SUMMARY OF PRODUCT CHARACTERISTICS

1. NAME OF THE VETERINARY MEDICINAL PRODUCT

ALPHA JECT micro 1 PD

Emulsion for injection, vaccine for Atlantic salmon

2. QUALITATIVE AND QUANTITATIVE COMPOSITION

Active substance:

1 dose (0.05 ml) contains:

Formaldehyde inactivated culture of:

Salmon Pancreas Disease Virus (SPDV) strain AL V405 RPS_end^a≥ 80 %

^a RPS_end=Relative percentage survival at end control mortality in a laboratory test in Atlantic salmon

Adjuvant: Liquid paraffin (mineral oil)

Excipients: For the full list of excipients, see section 6.1.

3. PHARMACEUTICAL FORM

Emulsion for injection

White to cream coloured emulsion

4. CLINICAL PARTICULARS

4.1 Target species

Atlantic salmon (Salmo salarL)with a minimum weight of 28 g.

4.2 Indications for use, specifying the target species

For active immunization of Atlantic salmon to reduce mortality, lesions in the heart and pancreas, and impaired growth caused by Pancreas Disease (PD).

Onset of immunity occurs no later than 516 degree days after vaccination.

Duration of immunity:

The vaccine reduces mortality, lesions in the heart and pancreas and impaired growth caused by SPDV infection for up to at least 12 months after vaccination.

4.3 Contraindications

None.

4.4 Special warnings for each target species

None.

4.5 Special precautions for use

Special precautions for use in animals

Fish with clinical symptoms of disease should not be vaccinated. Vaccination should preferably be performed at water temperatures of 15Cor lower. Avoid vaccination during smoltification.

Special precautions to be taken by the person administering the veterinary medicinal product to animals

The use of needle guards is recommended in order to reduce the risk of accidental self-injection.

To the user:

This veterinary medicinal product contains mineral oil. Accidental injection/self-injection may result in severe pain and swelling, particularly if injected into a joint or finger, and in rare cases could result in the loss of the affected finger if prompt medical attention is not given. If you are accidentally injected with this veterinary medicinal product, seek prompt medical advice even if only a very small amount is injected and take the package leaflet with you. If pain persists for more than 12 hours after medical examination, seek medical advice again.

To the physician:

This veterinary medicinal product contains mineral oil. Even if small amounts have been injected, accidental injection with this product can cause intense swelling, which may, for example, result in ischaemic necrosis and even the loss of a digit. Expert, PROMPT, surgical attention is required and may necessitate early incision and irrigation of the injected area, especially where there is involvement of finger pulp or tendon.

4.6 Adverse reactions (frequency and seriousness)

Melanisation and vaccine residues are very commonly observed in the abdominal cavity after vaccination. Mild visceral adhesions (corresponding to Speilberg scores 1 – 2) are very common, moderate adhesions (corresponding to Speilberg scores 3) are common, while the occurrence of severe adhesions (corresponding to Speilberg score ≥ 4) is very rare. The same frequencies for visceral adhesions are observed both in fresh water and in sea water.

The frequency of adverse reactions is defined using the following convention:

- very common (more than 1 in 10 animals displaying adverse reaction(s) during the course of one treatment)

- common (more than 1 but less than 10 animals in 100 animals)

- uncommon (more than 1 but less than 10 animals in 1,000 animals )

- rare (more than 1 but less than 10 animals in 10,000 animals)

- very rare (less than 1 animal in 10,000 animals, including isolated reports)

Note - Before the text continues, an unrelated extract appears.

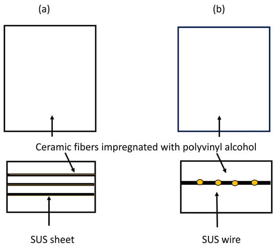 (a) Schematic drawing of ceramic fiber core sheets reinforced by SUS plates with thickness of 0.1 mm. (b) Schematic drawing of ceramic fiber core reinforced by SUS wires with diameter of 0.8 mm.
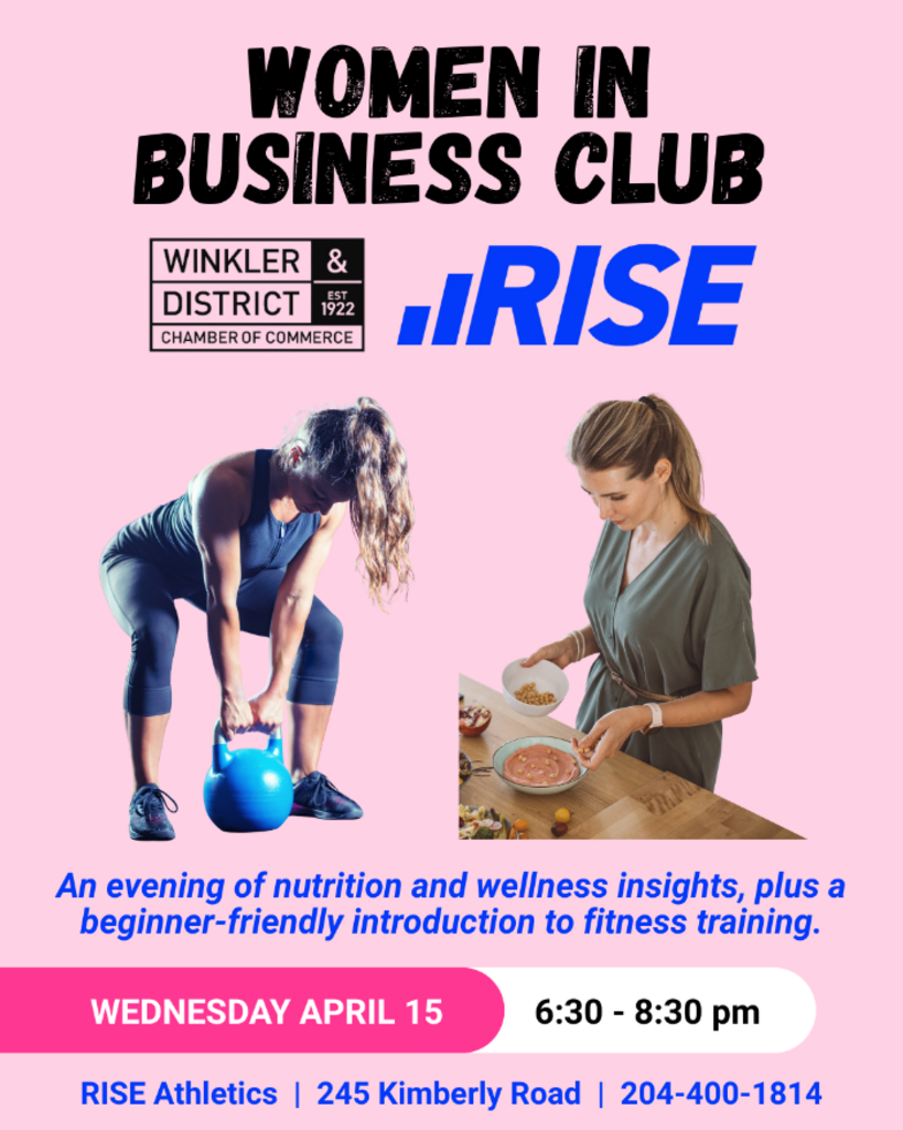 The Women in Business Club, hosted by Winkler & District Chamber of Commerce in collaboration with RISE, is bringing you an evening of wellness, nutrition, and approachable fitness.

4.7 Use during pregnancy, lactation or lay

Vaccination of broodfish is not recommended and should be subject to a risk benefit evaluation of the prescribing veterinarian/fish health biologist.

4.8 Interaction with other medicinal products and other forms of interaction

Safety and efficacy data are available which demonstrate that this vaccine can be administered simultaneously with PHARMAQ's oil adjuvanted multivalent vaccines containing the following antigens: Aeromonas salmonicida, Listonella anguillarumO1 and O2a, Vibrio salmonicida, Moritella viscosaand Infectious Pancreas Necrosis Virus (IPNV). The vaccines are administered intraperitoneally either simultaneously (one injection) or in immediate succession (two injections) while fish are anaesthetised.

No information is available on the safety and efficacy of this vaccine when used with any other veterinary medicinal product except the products mentioned above. A decision to use this vaccine before or after any other veterinary medicinal product therefore needs to be made on a case by case basis.

4.9 Amounts to be administered and administration route

The recommended dose is 0.05 ml per fish. The vaccine will be administered by intraperitoneal (i.p) injection. The fish should be anaesthetised prior to injection. It is recommended to starve the fish for a minimum of 48 hours before vaccination.

The vaccine should be left to slowly reach 15-20C by keeping it at room temperature. The vaccine should not be used if the vaccine shows signs of a brownish water phase in the bottom of the container. Contact the distributor for further advice. The vaccine should be well shaken prior to use by squeezing and shaking for approx. 2 minutes. Only administer if the vaccine appears as a homogenous, white to cream coloured emulsion.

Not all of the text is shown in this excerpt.